# WHAT THE TASK REQUIRES
Write each line out a second time, exactly as shown below.

--- EXERCISE DATA Enclosed Below ---

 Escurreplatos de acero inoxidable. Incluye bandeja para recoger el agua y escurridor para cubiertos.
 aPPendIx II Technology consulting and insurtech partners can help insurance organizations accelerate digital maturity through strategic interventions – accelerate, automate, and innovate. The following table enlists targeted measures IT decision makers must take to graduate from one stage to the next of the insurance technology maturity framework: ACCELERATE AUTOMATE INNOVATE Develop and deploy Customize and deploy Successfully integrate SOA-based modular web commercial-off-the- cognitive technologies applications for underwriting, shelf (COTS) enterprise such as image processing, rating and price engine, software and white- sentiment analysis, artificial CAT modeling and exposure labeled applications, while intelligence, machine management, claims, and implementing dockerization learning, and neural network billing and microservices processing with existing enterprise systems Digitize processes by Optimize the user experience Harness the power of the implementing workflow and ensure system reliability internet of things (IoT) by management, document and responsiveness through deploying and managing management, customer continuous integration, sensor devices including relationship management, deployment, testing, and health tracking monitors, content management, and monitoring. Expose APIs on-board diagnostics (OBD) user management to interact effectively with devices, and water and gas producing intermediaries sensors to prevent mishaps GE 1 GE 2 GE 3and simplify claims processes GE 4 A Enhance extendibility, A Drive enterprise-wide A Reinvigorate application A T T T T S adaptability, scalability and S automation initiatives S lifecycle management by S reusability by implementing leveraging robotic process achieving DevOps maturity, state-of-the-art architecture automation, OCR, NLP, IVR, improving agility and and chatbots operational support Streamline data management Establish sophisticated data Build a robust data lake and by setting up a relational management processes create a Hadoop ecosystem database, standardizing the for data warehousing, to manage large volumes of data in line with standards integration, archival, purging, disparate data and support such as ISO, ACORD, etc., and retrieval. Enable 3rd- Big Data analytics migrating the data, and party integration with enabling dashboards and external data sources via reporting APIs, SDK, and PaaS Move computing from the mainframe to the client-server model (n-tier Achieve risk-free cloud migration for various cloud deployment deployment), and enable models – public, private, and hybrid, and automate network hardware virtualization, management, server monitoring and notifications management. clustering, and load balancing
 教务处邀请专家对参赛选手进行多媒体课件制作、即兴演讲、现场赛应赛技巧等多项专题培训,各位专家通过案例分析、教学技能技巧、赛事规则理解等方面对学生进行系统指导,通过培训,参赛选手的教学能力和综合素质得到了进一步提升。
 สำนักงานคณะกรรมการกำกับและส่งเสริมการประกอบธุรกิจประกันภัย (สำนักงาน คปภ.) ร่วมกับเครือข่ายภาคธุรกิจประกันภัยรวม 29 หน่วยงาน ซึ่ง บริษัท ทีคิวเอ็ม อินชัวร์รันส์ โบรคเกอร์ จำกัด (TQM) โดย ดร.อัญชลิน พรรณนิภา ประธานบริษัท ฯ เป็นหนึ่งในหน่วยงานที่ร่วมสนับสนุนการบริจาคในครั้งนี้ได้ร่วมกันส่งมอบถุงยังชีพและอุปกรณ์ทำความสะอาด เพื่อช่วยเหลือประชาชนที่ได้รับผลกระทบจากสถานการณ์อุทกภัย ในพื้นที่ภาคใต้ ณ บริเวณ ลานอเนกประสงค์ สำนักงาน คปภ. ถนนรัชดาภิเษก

--- End of Enclosed EXERCISE DATA ---

# RESPONSE AREA
 Escurreplatos de acero inoxidable. Incluye bandeja para recoger el agua y escurridor para cubiertos.
 aPPendIx II Technology consulting and insurtech partners can help insurance organizations accelerate digital maturity through strategic interventions – accelerate, automate, and innovate. The following table enlists targeted measures IT decision makers must take to graduate from one stage to the next of the insurance technology maturity framework: ACCELERATE AUTOMATE INNOVATE Develop and deploy Customize and deploy Successfully integrate SOA-based modular web commercial-off-the- cognitive technologies applications for underwriting, shelf (COTS) enterprise such as image processing, rating and price engine, software and white- sentiment analysis, artificial CAT modeling and exposure labeled applications, while intelligence, machine management, claims, and implementing dockerization learning, and neural network billing and microservices processing with existing enterprise systems Digitize processes by Optimize the user experience Harness the power of the implementing workflow and ensure system reliability internet of things (IoT) by management, document and responsiveness through deploying and managing management, customer continuous integration, sensor devices including relationship management, deployment, testing, and health tracking monitors, content management, and monitoring. Expose APIs on-board diagnostics (OBD) user management to interact effectively with devices, and water and gas producing intermediaries sensors to prevent mishaps GE 1 GE 2 GE 3and simplify claims processes GE 4 A Enhance extendibility, A Drive enterprise-wide A Reinvigorate application A T T T T S adaptability, scalability and S automation initiatives S lifecycle management by S reusability by implementing leveraging robotic process achieving DevOps maturity, state-of-the-art architecture automation, OCR, NLP, IVR, improving agility and and chatbots operational support Streamline data management Establish sophisticated data Build a robust data lake and by setting up a relational management processes create a Hadoop ecosystem database, standardizing the for data warehousing, to manage large volumes of data in line with standards integration, archival, purging, disparate data and support such as ISO, ACORD, etc., and retrieval. Enable 3rd- Big Data analytics migrating the data, and party integration with enabling dashboards and external data sources via reporting APIs, SDK, and PaaS Move computing from the mainframe to the client-server model (n-tier Achieve risk-free cloud migration for various cloud deployment deployment), and enable models – public, private, and hybrid, and automate network hardware virtualization, management, server monitoring and notifications management. clustering, and load balancing
 教务处邀请专家对参赛选手进行多媒体课件制作、即兴演讲、现场赛应赛技巧等多项专题培训,各位专家通过案例分析、教学技能技巧、赛事规则理解等方面对学生进行系统指导,通过培训,参赛选手的教学能力和综合素质得到了进一步提升。
 สำนักงานคณะกรรมการกำกับและส่งเสริมการประกอบธุรกิจประกันภัย (สำนักงาน คปภ.) ร่วมกับเครือข่ายภาคธุรกิจประกันภัยรวม 29 หน่วยงาน ซึ่ง บริษัท ทีคิวเอ็ม อินชัวร์รันส์ โบรคเกอร์ จำกัด (TQM) โดย ดร.อัญชลิน พรรณนิภา ประธานบริษัท ฯ เป็นหนึ่งในหน่วยงานที่ร่วมสนับสนุนการบริจาคในครั้งนี้ได้ร่วมกันส่งมอบถุงยังชีพและอุปกรณ์ทำความสะอาด เพื่อช่วยเหลือประชาชนที่ได้รับผลกระทบจากสถานการณ์อุทกภัย ในพื้นที่ภาคใต้ ณ บริเวณ ลานอเนกประสงค์ สำนักงาน คปภ. ถนนรัชดาภิเษก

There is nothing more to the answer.